The issue of information security has acquired unique importance by developing computers and 
expanding their use in distinct fields of life and work. The concept of the hidden exchange of information is 
one of the concerns in the field of information security. Different techniques have been used for this purpose 
including cryptography, steganography and coding. Steganography is one of the methods which have 
attracted more attention during the recent years [1]. In steganography, the data is embedded in a cover media, 
so the existence of the secret information will be difficult to see [2]. The steganography's primary objective is 
to make the concealed information undetectable by humans or machines [3]. Steganography can be assumed 
as fail if there is hidden data that can be detected, even the hidden data is not recovered. 

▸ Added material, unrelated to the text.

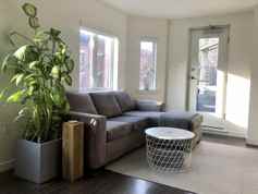 2 Bedrooms (with queen size beds and sliding door closets) • 1 Bathroom (with 2 vanity sinks, bathtub/shower combination) • Open concept Kitchen (with built in fridge, stainless steel dishwasher, stainless steel stove/oven, microwave, dishes/cutlery) • Dining/Family Room Combination (with dining table and chairs, sectional couch, coffee table, rugs, wall mounted TV) • Small patio (with table and chairs) • Entry mudroom with large IKEA PAX storage locker/unit and deep storage closet • In-suite stacker washer/dryer
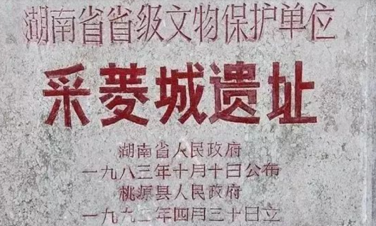 1981~1985年,先后数次考古调查发掘采菱城遗址,城址为长方形,城垣南北长约830米,东西宽约600米,城垣为黄色粘土夯筑,四周有护城河,是湖南省保存较好的古城址之一。在城内采集到大量的夹砂红陶、夹砂灰陶和泥质红陶、泥质灰陶陶片,器物有绳纹筒瓦、绳纹陶鬲,经鉴定年代均属东周时期,与清光绪《桃源县志》所载年代相吻合。遗址墓葬区墓葬分布密集。南北长约500米,东西宽约100米的范围内有大小古墓数百座,1984年9月,发掘70座。采菱城遗址保存完好,文化内涵丰富,对研究沅水中下游楚文化有较高价值。

The implementation of steganography can be divided to a number of mediums. Text, images [4], 
audio [5] and even video [6] are all commonly used as carrier for secret messages. Text steganography has 
received less attention in recent years, this 1s due to lower capacity to hide information that is associated with 
it. Text steganography embed the secret message in the medium of the plain text files so that the third party is 
unable to detect the existence of message [7]. However, steganography in the text domain is the hardest 
techniques compared to image and audio file due to lack of redundant data in the text file [8]. 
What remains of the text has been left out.